Personal information
- Nationality: Polish
- Born: 23 January 1907 Zakopane, Austria-Hungary
- Died: 21 March 1969 (aged 62) Kraków, Poland

Sport
- Sport: Cross-country skiing

= Zdzisław Motyka =

Polish cross-country skier

Zdzisław Motyka (23 January 1907 - 21 March 1969) was a Polish cross-country skier. He competed at the 1928 Winter Olympics and the 1932 Winter Olympics. Motyka competed in the 18 kilometre event both times, finishing 23rd (with a time of 1:58:10) and 32nd (1:41:58). In 1932, he also competed in the 50&kilometre event, not finishing after a fall resulted in broken skis and bruises.

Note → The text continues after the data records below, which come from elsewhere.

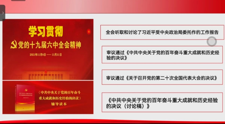 “中國共產(chǎn)黨成立一百周年的關(guān)鍵時(shí)刻,全社會(huì)共同學(xué)習(xí)黨的十九屆六中全會(huì)精神給我們回望歷史提供了重要素材。”張莉老師結(jié)合自身思考,分別從“為什么學(xué)、學(xué)什么、怎么學(xué)以及如何實(shí)踐”四個(gè)方面為全體學(xué)員進(jìn)一步講解了黨史學(xué)習(xí)的內(nèi)涵、重要意義及做法。同時(shí)她指出,我們每一位同學(xué)都應(yīng)該主動(dòng)學(xué)習(xí)黨史,發(fā)揚(yáng)紅色傳統(tǒng),為建設(shè)社會(huì)主義現(xiàn)代化強(qiáng)國貢獻(xiàn)我們自己的青春力量。
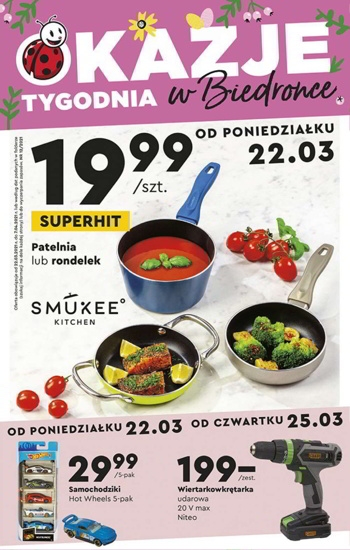{loadposition linkBiedronka5} 'Okazje tygodnia' - nowa gazetka promocyjna sieci sklepów Biedronka. Polecane promocje z gazetki sieci Biedronka: Patelnia lub rondelek Smukee Kitchen 1 sztuka - 19,99 zł. Samochodziki Hot Whells 5-pak - 29,99 zł. Wiertarkowkrętarka udarowa Niteo Tools 20…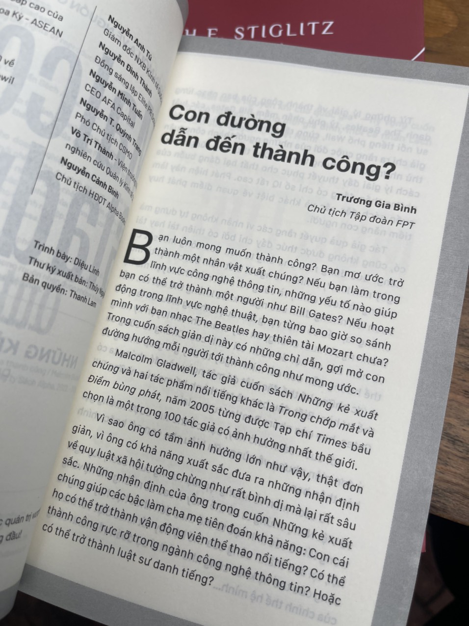 Với giọng văn lôi cuốn và cách kể chuyện hết sức có duyên, Malcolm Gladwell cũng viện dẫn rất nhiều giai thoại thú vị như tại sao phần lớn các cậu bé giỏi môn kh,ú,c c.ô,n cầu lại sinh vào tháng một, tại sao con cái của những người Do Thái nhập cư lại trở thành những luật sư quyền lực nhất New York, tại sao truyền thống văn hóa của nền nông nghiệp lúa nước lại có thể giúp trẻ em châu Á giỏi toá Nhưng không chỉ có thế. Thông qua những ví dụ này, Gladwell muốn bàn luận về những con đường phức tạp dẫn đến thành công của con người.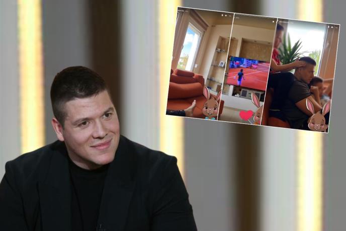 Momci su se zavalili i uživali u velikoj dnevnoj sobi, dok su ležali na komfornoj ugaonoj garnituri narandžaste boje. Jelena je snimila i druge delove ove prostorije - police sa ramovima za slike, ukrasima, a posebnu pažnju je privukao i ogroman televizor u koji su pevač i dečaci gotovo bez treptanja gledali.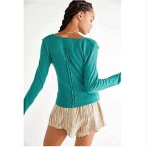 Free People We The Free Like A Boss Green Knit Top Sweater Raw Edge Small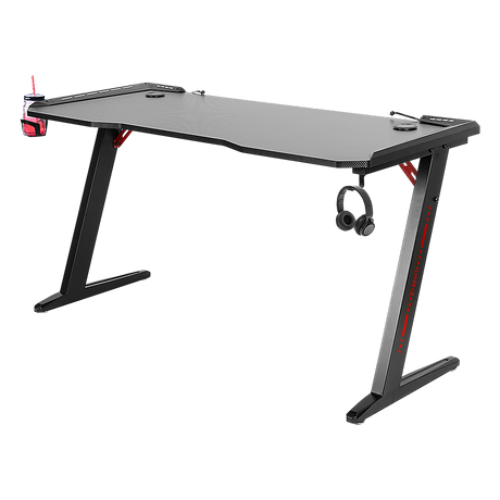LED Gaming Desk Computer Table with Cup Holder Headphone Hook Cable Hole

Motyka studied as a carpentry apprentice, graduating from a local wood industry school in 1923. The headmaster of that school promoted skiing to the students, which Motyka took up.

Motyka competed for the clubs SN PTT Zakopane (1922 to 1928), Strzelce (1929), Wisła (1930 to 1933), and Sokół (1934 to 1936). He won 7 Polish national championships in cross-country skiing: the 1930 and 1931 18 km, the 1927 and 1928 relay, and the 1929, 1930, and 1931 50&km. He competed in the FIS Nordic World Ski Championships 1930. He maintained preparation for the skiing season by competing in long-distance track and cross-country running during the summer, finishing in the top three at national championships in running as well.

He was awarded the Bronze Cross of Merit in 1931 "for merits in the field of sports development". Motyka worked as a coach, sporting goods store manager, announcer, judge, and sports official after competing. Stanisław Motyka, another Olympic skier, was his cousin.